The catalogue’s content is also well contemplated and fairly exhaustive. Most notably, it is consistently striving to steer away from the obvious. Its downfall is that a reader can, at times, sense that effort – in the surplus of quotations, for example – and that exertion overtakes the rhythm of reading itself. But its essays are strong, studied and, similarly to the exhibition, a stylish homage to a great period of art in Malta’s history.

It moves beyond Malta’s shores of course, following the exhibition’s own latitude. Giulia Privitelli’s essay on Lucio Fontana is nourishingly informative, giving any newcomer to his ‘cuts’ a quick (generally all of the essays maintain a compact word-count) yet deep theoretical tour through what his punctured canvases actually mean.

Richard England’s texts on Victor Pasmore and Basil Spence are, similarly, essays in learned clarity.
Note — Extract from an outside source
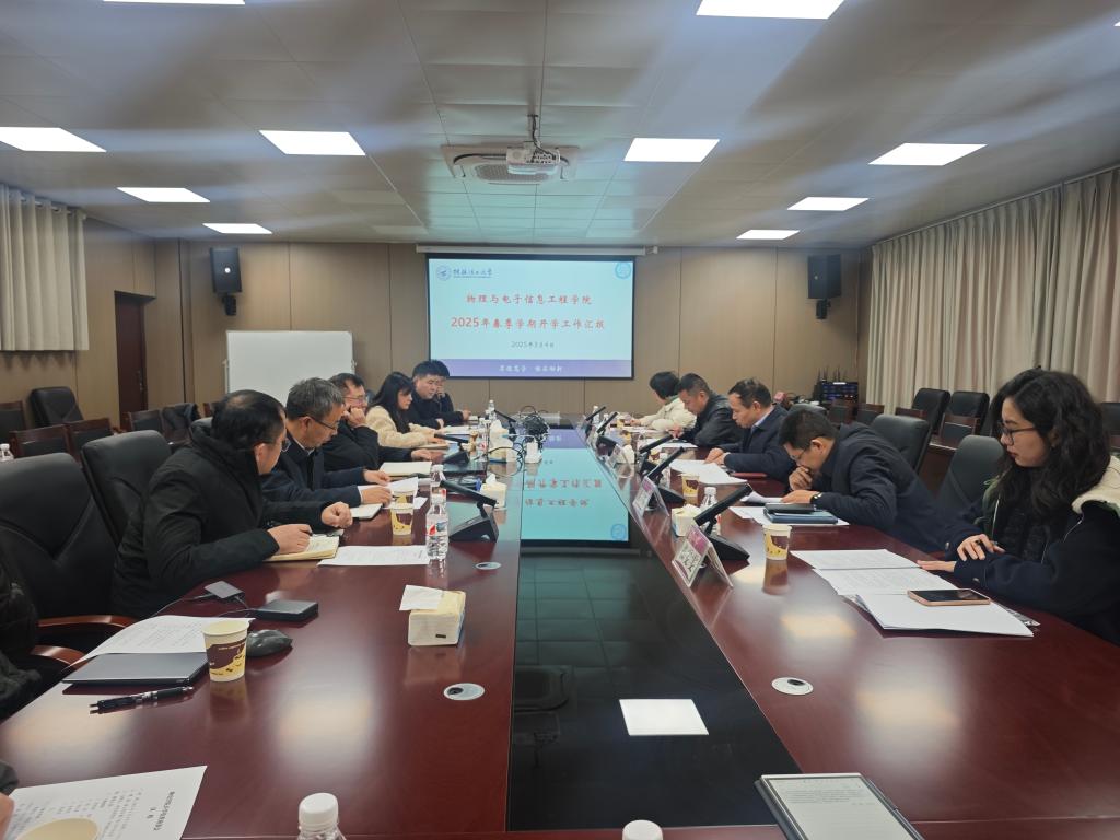 周国清副校长认真听取了学院的工作汇报,并对学院自成立以来所取得的成绩给予了充分肯定,同时也对物电学院发展提出以下几点要求:一是要结合专业特色抢抓人工智能发展风口,做出一些特色和突破;二是科研工作上下功夫,争取在国家自然科学基金申报上取得新突破;三是整合学校资源全力以赴推进专业认证,保证专业认证顺利通过;四是以博士点申报为抓手,做好学科发展规划。

The catalogue succeeds best here, when offering insight that is incisive, but never boring.

Elsewhere, text delves more directly into the experimental. Sarah Chircop’s introductory text and Michael Zammit’s essay on a ‘Series of Six Figure Studies’ are both language experiments as much as they are commentary/appraisals. These texts move closest to the simulation of the ‘line’. They meander and are self-conscious. The cadence of the book’s reading is set off-beat because of them – which can either be effective or disruptive depending on the reader or the reading mood. Either way, they make this catalogue different.

The editorial integrity of the catalogue shines through its straightforwardness, even if its aim is to spotlight its originality. The progression of chapters is coherent, intuitive and interesting. The trajectory is clear.
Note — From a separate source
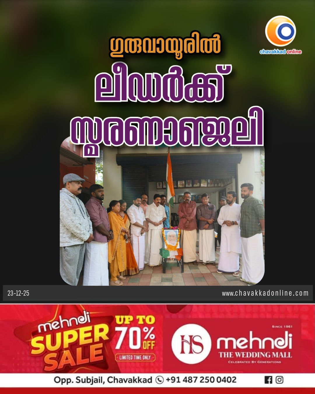 ഗുരുവായൂർ : ഗുരുവായൂരിൽ ലീഡർക്ക് സ്മരണാഞ്ജലി അർപ്പിച്ചു. ഗുരുവായൂരിനെ ലോക നെറുകെയിൽ എത്തിച്ച രാഷ്ട്രീയ രംഗത്തെ ഒരെയൊരു ലീഡറായിരുന്ന കെ. കരുണാകരന്റെ 15-ാം ചരമവാർഷിക ദിനത്തിൽ ഗുരുവായൂർ മണ്ഡലം കോൺഗ്രസ്സ് കമ്മറ്റിയുടെ ആഭിമുഖ്യത്തിൽ സ്മരണാജ്ഞലി അർപ്പിച്ച് അനുസ്മരിച്ചു. ഗുരുവായൂരിന്റെ ഇന്ന് കാണുന്ന സമസ്ത വികസനങ്ങൾക്കും, വികാസങ്ങൾക്കും ഗുരുവായൂർകാരനെ പോലെ മുന്നിൽ നിന്ന് നയിച്ച അതുല്യ കർമ്മയോഗിയായ കരുണാകരന്റെ നിസ്തുല പ്രവർത്തനഗാഥകളെകൂടി സ്മരിച്ച് ഗുരുവായൂർ മണ്ഡലം കമ്മിറ്റി ഓഫീസിൽ മണ്ഡലംപ്രസിഡണ്ട് ഒ. കെ. ആർ. മണികണ്ഠന്റെ അദ്ധ്യക്ഷതയിൽ ചേർന്ന സ്മരണ സദസ്സ് മുൻ ബ്ലോക്ക് കോൺഗ്രസ്സ് പ്രസിഡണ്ട് ആർ രവികുമാർ ഉദ്ഘാടനം ചെയ്തു. ബ്ലോക്ക് വൈസ് പ്രസിഡണ്ട് ബാലൻ വാറണാട്ട് ആമുഖ പ്രസംഗം നടത്തി. നഗരസഭ കൗൺസിലർമാരായ വി. എസ്. നവനീത്, പ്രിയാ രാജേന്ദ്രൻ, സുക്ഷ ബാബു, ബിന്ദു നാരായണൻ, യൂത്ത് കോൺഗ്രസ്സ് സംസ്ഥാന സെക്രട്ടറി സി. എസ് സൂരജ്, ബ്ലോക്ക് കോൺഗ്രസ്സ് സെക്രട്ടറിമാരായ സി. ജെ. റെയ്മണ്ട് മാസ്റ്റർ, ശിവൻ പാലിയത്ത്, മണ്ഡലം ഭാരവാഹികളായ ശശി വല്ലാശ്ശേരി, എ. കെ. ഷൈമിൽ, ശശി പട്ടത്താക്കിൽ, ഫിറോസ് പുത്തംമ്പല്ലി, ഒ. പി. ജോൺസൺ, ആരിഫ് മാണിക്കത്ത്പടി എന്നിവർ പ്രസംഗിച്ചു. നേരത്തെ അലങ്കരിച്ച്വെച്ച ലീഡറുടെ ഛായാചിത്രത്തിൽ പുഷ്പാർച്ചനനടത്തി സമൂഹ പ്രാർത്ഥനയോടെയാണ് അനുസ്മരണചടങ്ങിന് തുടക്കം കുറിച്ചത്

The artworks are given the most prominent platform within the book’s pages. Its rejection of standard catalogue entries or linear historical explanations does not spell flimsiness or under-researched content.

If anything, the real experimentation within the catalogue of what art writing can do stood to go beyond the playfulness of the language itself, and could have been even bolder with its conclusions, and – as ever with local art writing – lighter on flattery.

In Search of Line is an art book, not just a catalogue. It will be read, unconnectedly to the shuttering exhibition, for many years as a whole and comprehensive study on the exploration of ‘line’.

In its graphic point-of-view and its editorial confidence, it meets the spirit of the 1973 publication Contemporary Art in Malta, also edited by Richard England, and the 2008 publication, Cross-Currents, edited by Raphael Vella.

In doing so, it joins a small community of art publications that strive to cajole and reinvent the standards of art writing in Malta. For that, and for the breadth of content it holds, In Search of Line packs a substantially, if imperfectly, noble punch.